In Part II of this blog series on the Patient Protection and Affordable Care Act (PPACA), I will explore the following statement: “Adults with pre-existing conditions became eligible to join a temporary high-risk pool, which will be superseded by the healthcare exchange in 2014.To qualify for coverage, applicants must have a pre-existing health condition and have been uninsured for at least the past six months. There is no age requirement. The new program sets premiums as if for a standard population and not for a population with a higher health risk. Allows premiums to vary by age (4:1), geographic area, and family composition. Limit out-of-pocket spending to $5,950 for individuals and $11,900 for families, excluding premiums.”
In addition, the premiums (effective September, 2010) for this high-risk pool were set as follows:
- Premium to be set at a standard rate for a standard population
- Premium for older individuals allowed to be up to 4 times the premium for younger individuals
- Premium for tobacco users allowed to be up to 1.5 times the premium for non-tobacco users
What is disturbing about this premium scheme is that individuals who cannot control their age are required to pay much more than individuals who can control their tobacco-related habits. Does this seem disturbing to anyone else?
While there is a limit on out-of-pocket spending, there is no ceiling on premiums (yet) and no floor for benefits. There is a 40% excise tax on premiums greater than $27,500 for families and $10,700 for individuals. However, this tax on health insurance companies does not go into effect until 2018. In addition, the healthcare exchange mentioned in the provision does not take effect until 2014.
The healthcare exchange is a government subsidy that will be provided to families based on size and annual income as a percentage of the federal poverty line. For instance, a family of 4 whose income is 400% above the poverty line (in other words, $88,200) will have a maximum out-of-pocket premium of $8,379 (9.5% of income). However, for another two years there is no premium ceiling, and for another six years there is no penalty for charging high premiums. Further, there is no premium ceiling at all for families whose annual income is above $88,200. What can this mean for a middle-class family in the US?

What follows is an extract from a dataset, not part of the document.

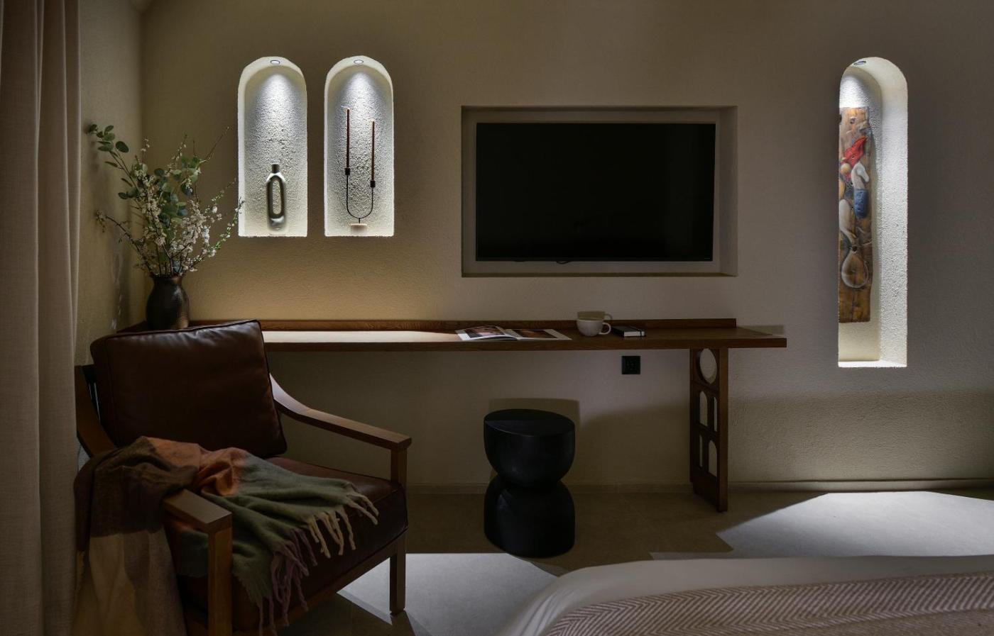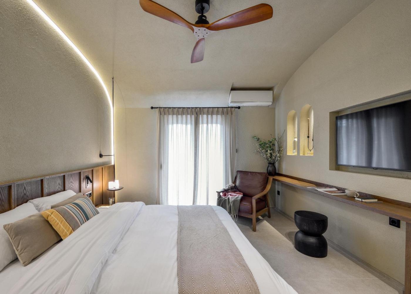 Deluxe Double Room. The spacious double room offers air conditioning, a tea and coffee maker, as well as a private bathroom featuring a shower and a hairdryer. Meals can be prepared in the well-fitted kitchenette, which comes with a stovetop, a refrigerator and kitchenware. This double room features a wardrobe, a tiled floor, a flat-screen TV and a terrace. The unit offers 1 bed.

In the same year as the healthcare exchange takes effect, the government will also begin imposing a $2,000 tax per employee on employers who do not offer health insurance and employ more than 50 individuals. Thus, in two years, a family of four making $90,000 annually can lose its health benefits and be forced to purchase its own insurance for which there will be no subsidy and no premium ceiling.
What if the primary breadwinner of this family loses his job but has a pre-existing condition that may not be insured for 6 months to 10 years by a new healthcare package, based on the state in which the family resides? Even if he finds a new job right away, will he have to refuse healthcare for six months in order to enter the temporary high-risk pool of individuals, some of whom may have to pay up to four times the standard premium because they are older? Will this individual be able to afford this high premium when combined with insurance costs for his family? How will he insure his family during those six months? I have yet to find answers to these questions in the PPACA. I hope I am missing something.